Carney S L, Gillies A H
University of Newcastle, Royal Newcastle Hospital, Australia.
Am J Kidney Dis. 1988 May;11(5):377-82. doi: 10.1016/s0272-6386(88)80049-0.
During maintenance hemodialysis in patients with chronic renal failure, acute elevations of the plasma calcium are common, although of doubtful significance. Because the mechanisms for this hypercalcemia are unclear, calcium, magnesium, and inorganic phosphate mass transfer data was collected during routine hemodialysis. While the increase in the plasma calcium did not significantly correlate with the gain of calcium from the dialysate nor with the dialysate calcium concentration, there was a significant positive correlation between the degree of hypercalcemia and the loss of body phosphate (r = 0.66, P less than 0.05, n = 15). Hemodialysis without ultrafiltration and concomitant hemoconcentration depressed the dialysis hypercalcemia by 46% (P less than 0.001). However, continuous infusion of 33.5 mmol of phosphate during a 5-hour dialysis period, which reduced the plasma phosphate fall (1.53 +/- 0.16 to 0.87 +/- 0.08 mmol/L, P less than 0.01, in the control group; compared with 1.59 +/- 0.19 to 1.35 +/- 0.11 mmol/L, not significant [NS], in the phosphate infusion group) abolished the hypercalcemia (2.38 +/- 0.07 to 2.54 +/- 0.04 mmol/L, P less than 0.01, in the control group and 2.39 +/- 0.06 to 2.41 +/- 0.04 mmol/L, NS, in the phosphate infusion group). It is suggested that during routine hemodialysis, the loss of inorganic phosphate from the body is excessive, and that phosphate as well as calcium is released from the intracellular pool in response to the rapid fall in the plasma phosphate concentration. Such rapid, repetitive, and excessive losses of phosphate, particularly from bone, may be an important cause of renal osteodystrophy.

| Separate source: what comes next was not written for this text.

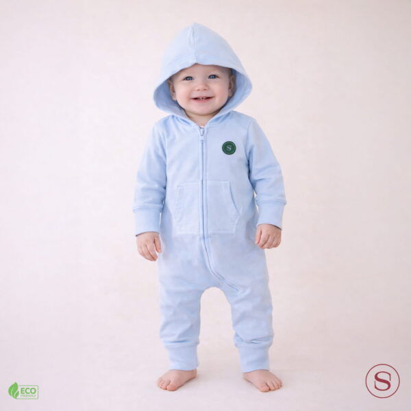 This children onesie made of 80% organic cotton, 20% recycled polyster, features a fitted cut. This baby body is certified by GOTS, Oeko-Tex 100, and Peta-Approved Vegan, ensuring it meets ethical and environmental standards.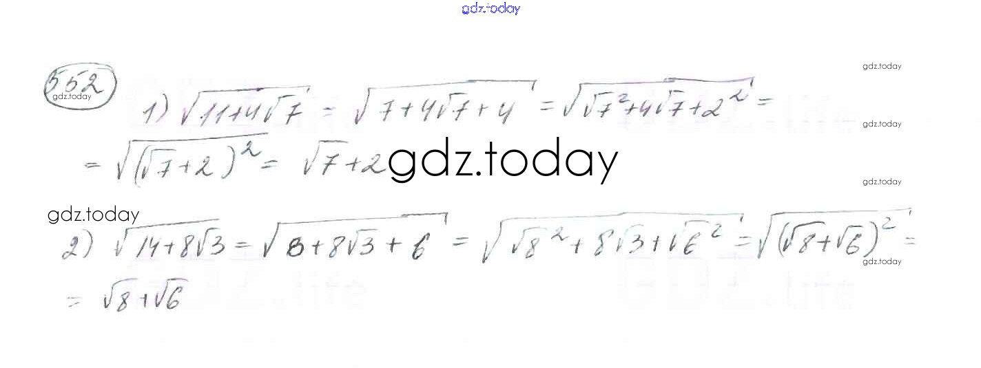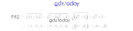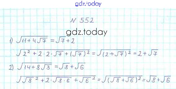 На страницах сайта gdz.today вы найдете учебный и вспомогательный материал, направленный на улучшения знаний школьной программы. ГДЗ - онлайн мир знаний §17. Тождественные преобразования выражений, содержащих арифметические квадратные корни Решение к главе 2. Квадратные корни. Действительные числа 552 Учебнику по Алгебре для 8 класса Мерзляк, Полонский Вентана-граф Алгоритм успеха 2016

在慢性肾衰竭患者维持性血液透析期间,血浆钙急性升高很常见,但其意义存疑。由于这种高钙血症的机制尚不清楚,因此在常规血液透析期间收集了钙、镁和无机磷的质量转移数据。虽然血浆钙的升高与从透析液中获得的钙量以及透析液钙浓度均无显著相关性,但高钙血症程度与机体磷丢失之间存在显著正相关(r = 0.66,P < 0.05,n = 15)。无超滤及伴随血液浓缩的血液透析使透析性高钙血症降低了46%(P < 0.001)。然而,在5小时透析期间持续输注33.5 mmol磷酸盐,这减少了血浆磷的下降(对照组从1.53±0.16降至0.87±0.08 mmol/L,P < 0.01;磷酸盐输注组从1.59±0.19降至1.35±0.11 mmol/L,无显著差异[NS]),从而消除了高钙血症(对照组从2.38±0.07升至2.54±0.04 mmol/L,P < 0.01;磷酸盐输注组从2.39±0.06升至2.41±0.04 mmol/L,无显著差异)。提示在常规血液透析期间,机体无机磷丢失过多,并且磷和钙会因血浆磷浓度的快速下降而从细胞内池释放。这种快速、反复且过度的磷丢失,尤其是来自骨骼的磷丢失,可能是肾性骨营养不良的一个重要原因。